= Jiang Kui =

Jiāng Kuí (姜夔) (c. 1155 Poyang - c. 1221 Hangzhou), courtesy name Yaozhang (堯章), art name Baishi Daoren (白石道人), also known as "Jiang Baishi" (姜白石), was a famous Chinese poet, composer, poetry theorist and calligrapher of the Song dynasty, particularly famed for his ci (song lyric poetry). He composed numerous poems, including the famous "He Bei Lai" and the more well known "San Wan Yue."

== Life ==
Jiang was born in Poyang (in today's Jiangxi province). His family was of mediocre social status and Kui himself did not obtain any post in the government throughout his life. His father was a county magistrate during the reign of Emperor Gaozong of Song.

Jiang made multiple attempts on the imperial exam but was not able to pass them. He traveled extensively between the regions of Hubei, Zhejiang, Anhui, Jiangsu and Fujian. He had close contacts with his contemporary poets and literati. Jiang Kui moved to Huzhou from Poyang before finally settling down in Hangzhou where he died.

== Poetry ==
Jiang's poetic style is notably influenced by Zhou Bangyan but his own style was distinct from other poets. In his early years as an abecedarian of poetry, his mentor was Xiao Ju (蕭𣂏). According to his own biography, Jiang values the originality of his poems more than the following of established poetic theories from the past. In the eyes of 13th century artist and art theorist Chen Yu, the poetry of Jiang Kui is marked by his candidness(as a lack of overly ink-horn words) and originality. Chen noted that Jiang's poetry was not influenced by his contemporaries. As a result, Jiang was able to establish his own school at the time and influence other poets that admired his works.
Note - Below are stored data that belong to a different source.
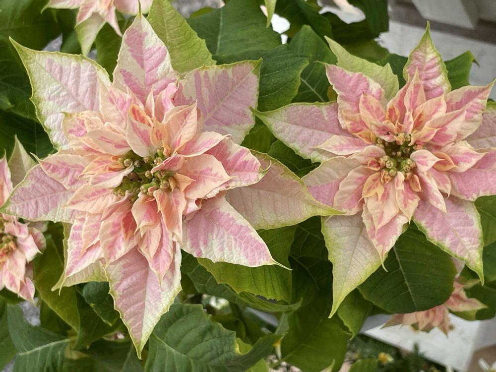 プリンセチアは、赤い方はだいぶ淋しい感じだけど、ロゼマーブルは長持ちしてます!!お手入れらしきものは、たまにお水あげてるだけですよ😅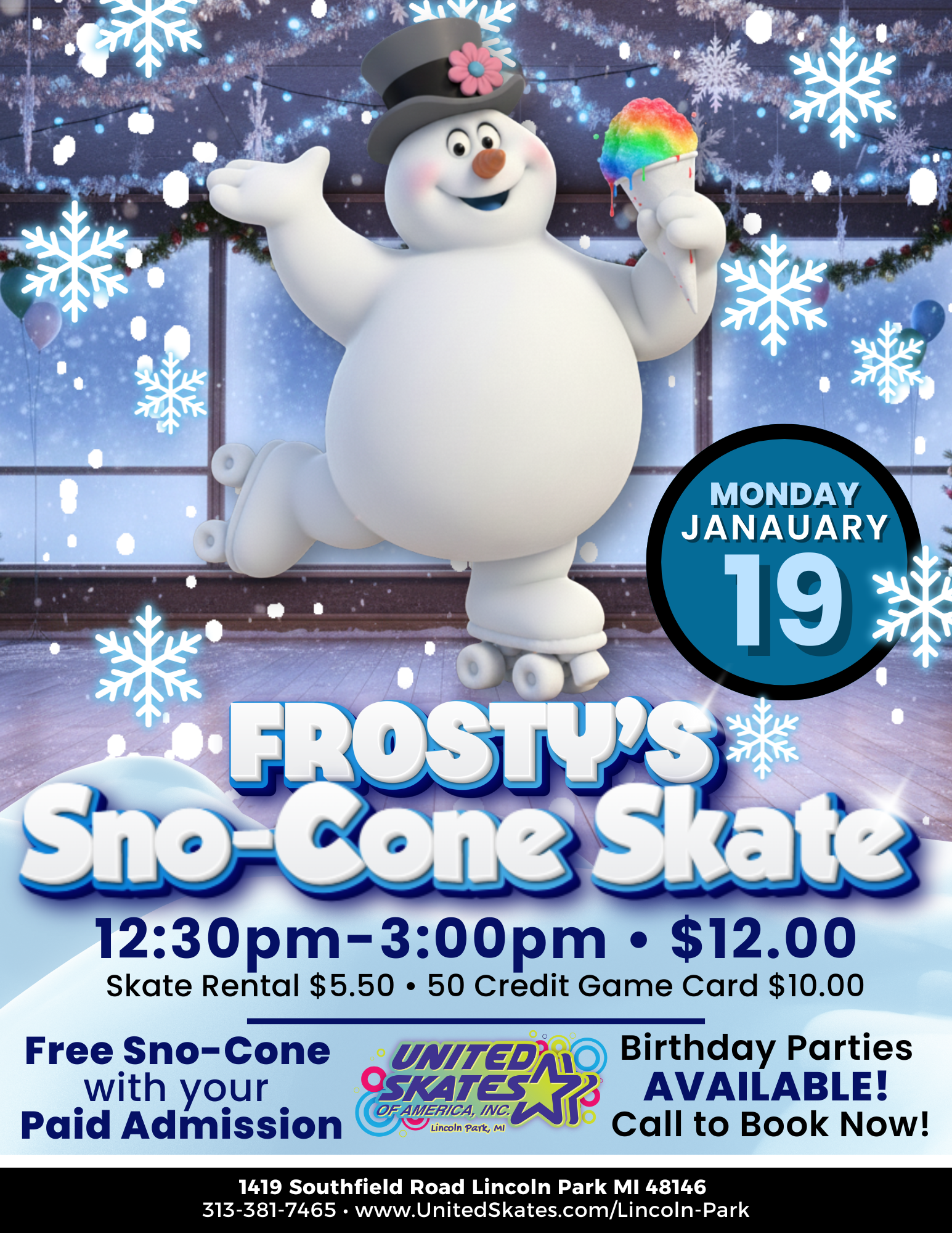 Get ready for a frosty-cool afternoon of skating fun because Frosty’s Sno Cone Skate is here! Join us for a magical winter celebration filled with chilly treats, music, and family excitement.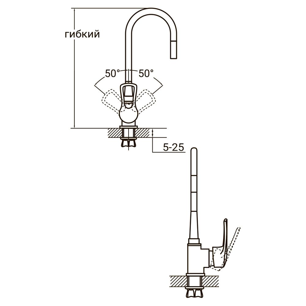 Характеристики Тип: одноважільний кухонний змішувач Діаметр картриджа: 40 Гусак: силіконовий, гнучкий, чорний Підключення: на гайці Механізм управління: картриджний Робочий тиск: 0.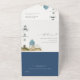 Chic Dusky Aqua Blue Lighthouse Mountain Wedding All In One Invitation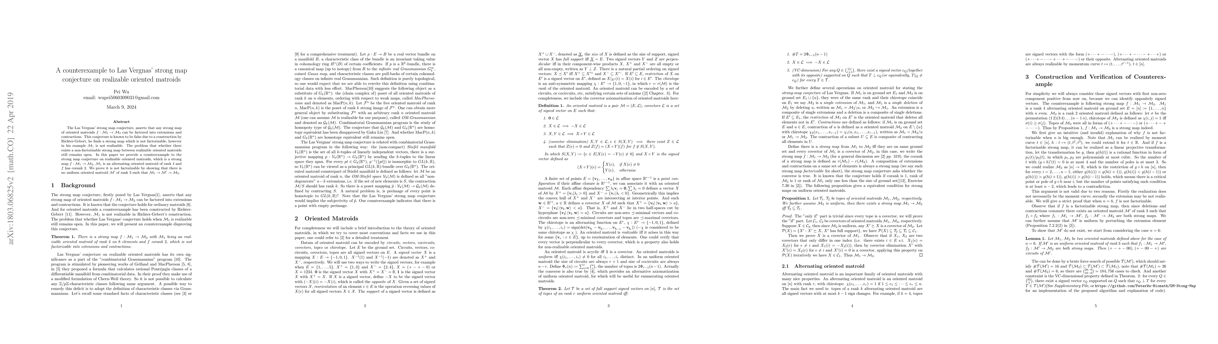 This paper disproves Las Vergnas' strong map conjecture for realizable oriented matroids by presenting a non-factorizable strong map $f:\mathcal{M}_1\rightarrow\mathcal{M}_2$, where $\mathcal{M}_1$ is a rank $4$ alternating oriented matroid and $f$ has corank $2$. It demonstrates the map cannot be factored through a rank $3$ uniform oriented matroid.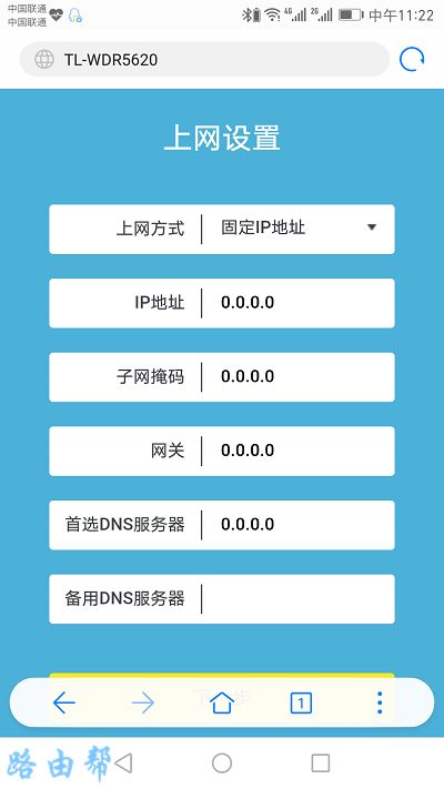 (3)、如果检测到上网方式(连接方式)是:静态IP ——>需要在页面中填写:IP地址、子网掩码、网关、首选DNS服务器、备用DNS服务器,如下图所示。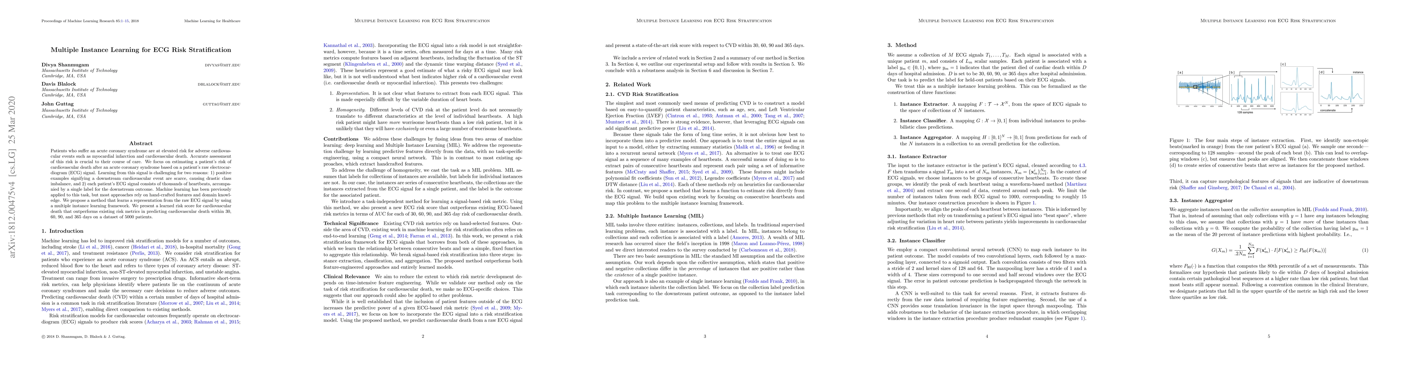 Patients who suffer an acute coronary syndrome are at elevated risk for adverse cardiovascular events such as myocardial infarction and cardiovascular death. Accurate assessment of this risk is crucial to their course of care. We focus on estimating a patient's risk of cardiovascular death after an acute coronary syndrome based on a patient's raw electrocardiogram (ECG) signal. Learning from this signal is challenging for two reasons: 1) positive examples signifying a downstream cardiovascular event are scarce, causing drastic class imbalance, and 2) each patient's ECG signal consists of thousands of heartbeats, accompanied by a single label for the downstream outcome. Machine learning has been previously applied to this task, but most approaches rely on hand-crafted features and domain knowledge. We propose a method that learns a representation from the raw ECG signal by using a multiple instance learning framework. We present a learned risk score for cardiovascular death that outperforms existing risk metrics in predicting cardiovascular death within 30, 60, 90, and 365 days on a dataset of 5000 patients.

Another 13th-century Ci poet Zhang Yan (張炎) described Jiang's poetic style as "Clouds that leave or stay without a trace", underlining the unpredictability of Jiang's poems.

== Musicology ==
Aside from being a poet, Jiang was also a musicologist of classical Chinese music. He was best known for his lyric poems. Jiang tried to restore the lost tunes of ancient times but was scoffed by the officials of Taichang Si (Office of Great constancy, a government department of ancient China in charge of ritualistic affairs as well as classical music).